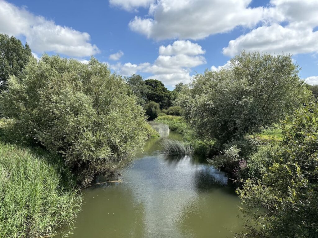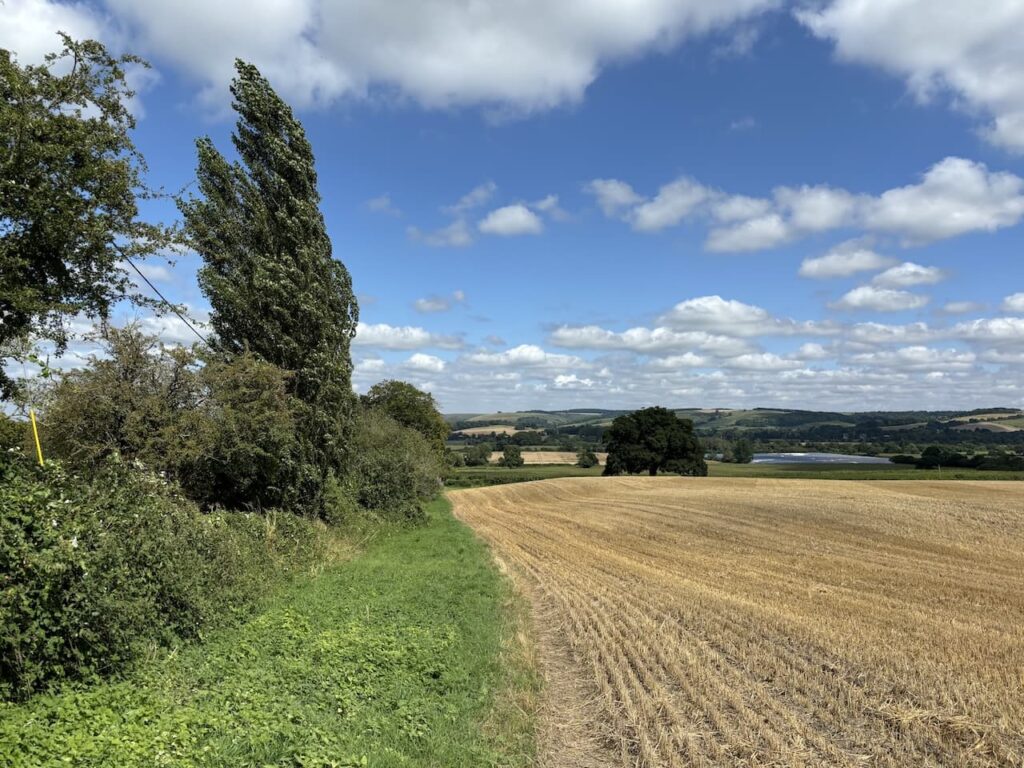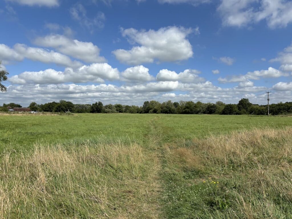 For much of our walk, on the first section of the St Edward’s Way, yesterday the weather was overcast and a bit muggy but today’s forecast promises clearing skies and plenty of sunshine. So before heading out I apply lots of suncream and pack more in my rucksack.
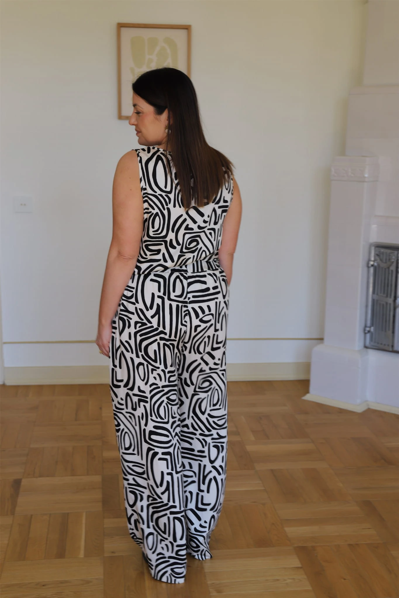 Szerokie spodnie zaprojektowane jako dopełnienie topu - razem tworzą efekt nowoczesnego, lekkiego kombinezonu.
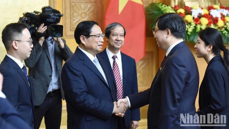 Thủ tướng Chính phủ Phạm Minh Chính bắt tay chào mừng Bí thư Đảng ủy Đại học Thanh Hoa (Trung Quốc) Khưu Dũng. (Ảnh: TRẦN HẢI)
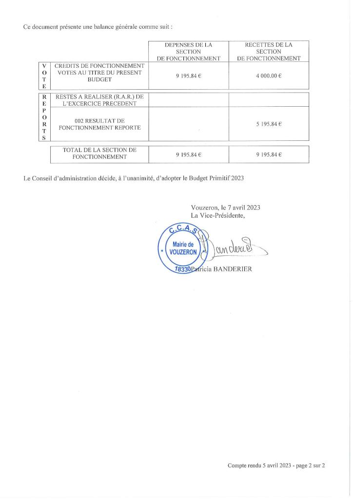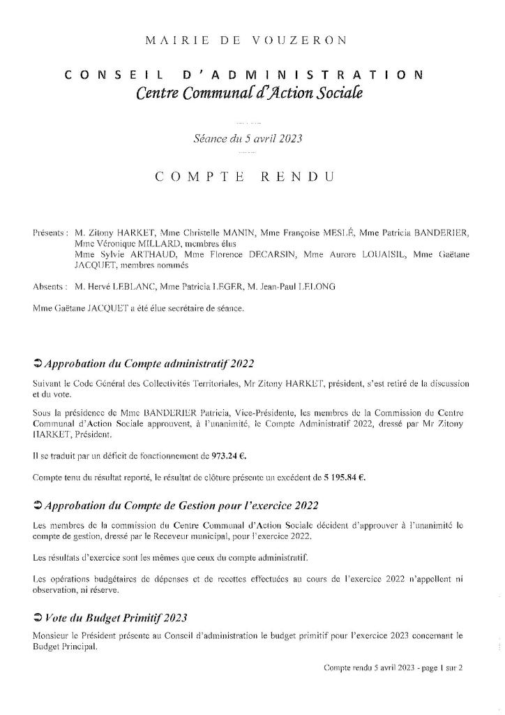 Compte rendu du conseil d’administration du CCAS du 5 avril 2023
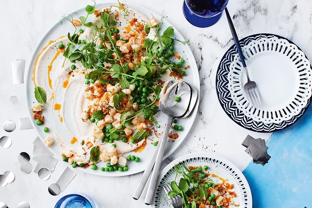 Rozgrzać piekarnik do 180 st. C. Natłuścić blachę do pieczenia i wyłożyć ją papierem do pieczenia. Umieścić głowy i pancerzyki krewetek na przygotowanej blasze i piec przez 25 min. do uzyskania złotego koloru. Umieścić koncentrat pomidorowy i 1/2 szklanki (125 ml) oleju w rondlu na małym ogniu. Smażyć, od czasu do czasu mieszając, przez 5 min. do lekkiego zrumienienia. Dodać upieczone pancerzyki oraz pozostałe 1/2 szklanki (125 ml) oleju i smażyć, od czasu do czasu mieszając, przez 30 min. do uzyskania ciemnoczerwonego koloru. Przecedzić przez drobne sito do miski i odstawić. Wyrzucić pancerzyki. Namoczyć chleb w misce z wodą przez 2-3 min. Włożyć chleb, cebulę i pastę tarama do blendera i zmiksować na gładkie puree. Powoli dodawać olej i oliwę, kolejno sok z cytryny i doprawić. Przykryć i schłodzić. Zblanszować groszek we wrzącej wodzie przez 3 min. Odcedzić, przelać lodowatą wodą i odstawić. Ułożyć skórki chleba na blasze do pieczenia i prażyć w piekarniku przez 5 min. lub do uzyskania złotego koloru. Odstawić do ostygnięcia, a następnie przełożyć do blendera i zmiksować na drobny proszek. Przełożyć z powrotem na blachę do pieczenia i wymieszać z orzeszkami piniowymi, skórką z cytryny i 100 ml oleju. Piec przez kolejne 5 min. do uzyskania złocistego koloru. Odstawić. Umieścić groszek w misce i posiekać miętę. Dodać szczyptę płatków soli i pozostałe 100 ml oleju i delikatnie wymieszać. Rozgrzać olej krewetkowy na patelni na małym ogniu, dodać mięso krewetek i smażyć, od czasu do czasu mieszając, przez 8 min. Rozłożyć taramasalatę na dużym talerzu i posypać sałatką z groszku. Nałożyć na nią ugotowane krewetki i posypać kruszonką z orzeszków piniowych oraz ozdobić pędami groszku cukrowego.
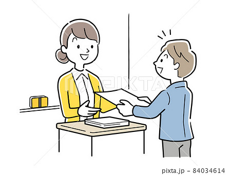 ベクターイラスト素材:先生からプリントを受け取る中高生の男子
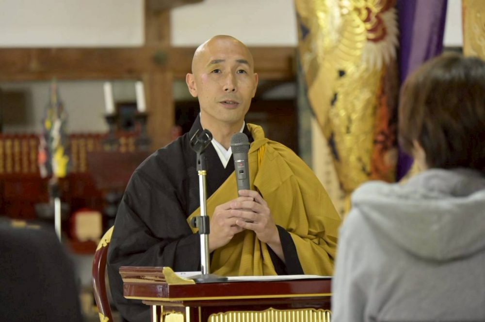 昼食・法要の進退確認を経て、13時より一般参加者の受付、13時半の開式となった。開式挨拶ののちに秋田市下浜珠林寺ご住職の鮎川義寛氏による法話が行われた。ご自身の経験による出来事や想いを含めたお話を展開して頂いた。
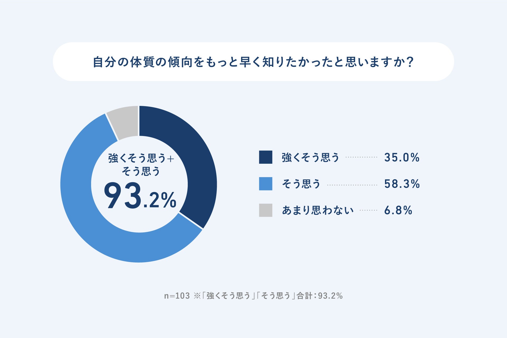 体質傾向を知って「もっと早く知りたかった」と思ったかを尋ねたところ、「強くそう思う」35.0%(36人)、「そう思う」58.3%(60人)となり、合計93.2%(96人)が肯定的に回答しました。
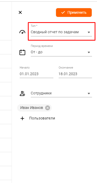 3. На вкладке «Отчеты» возможно сформировать «Сводный отчет по задачам», который покажет процент выполнения  плана за выбранный период. В дальнейшем будет доступна выгрузка данных в Excel.
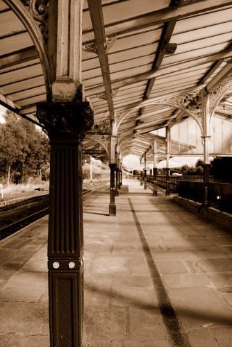The station of 1888 reflected this new role and its large single island platform with bays was served by a two storey stone station building and a large glass canopy supported by decorative iron columns.
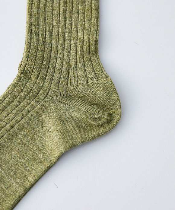 These high-gauge ribbed socks combine warm wool with cool linen to create a unique texture.
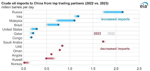 The next largest increases in China’s crude oil imports came from Iran, Brazil, and the United States. Customs data indicate that China imported 54% more crude oil (1.1 million b/d) from Malaysia in 2023 than in 2022. However, crude oil imports from Malaysia exceeded Malaysia’s total crude oil production. Industry analysts believe that much of the oil shipped from Iran to China was relabeled as originating from countries such as Malaysia, the United Arab Emirates, and Oman to avoid U.S. sanctions against countries engaging in petroleum transactions with Iran. In 2023, China increased crude oil imports from Brazil by 52%, from 498,000 b/d to 755,000 b/d, and from the United States by 81%, from 158,000 b/d to 286,000 b/d.
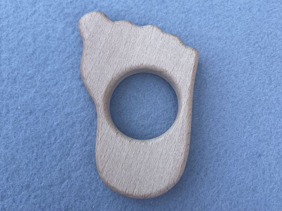 Гризунок дерев'яний "Стопа". Дерев'яний, фігурний гризунок для слінгбусу. Аксесуар виготовлений із натуральної деревини (бук), якісно оброблений, не покритий лаком. Такий гризунок повністю безпечний для малюка, він не залишить скалку. Розмір: 5,5 * 8,5см.

----

*What you need to do*. Would you transcribe the lines above exactly, going from the line bearing "Szerokie spodnie zaprojektowane" through the line bearing "Compte rendu du", and drop the pictures from the copy?

*Result of this task*.
 Szerokie spodnie zaprojektowane jako dopełnienie topu - razem tworzą efekt nowoczesnego, lekkiego kombinezonu.
 Thủ tướng Chính phủ Phạm Minh Chính bắt tay chào mừng Bí thư Đảng ủy Đại học Thanh Hoa (Trung Quốc) Khưu Dũng. (Ảnh: TRẦN HẢI)
 Compte rendu du conseil d’administration du CCAS du 5 avril 2023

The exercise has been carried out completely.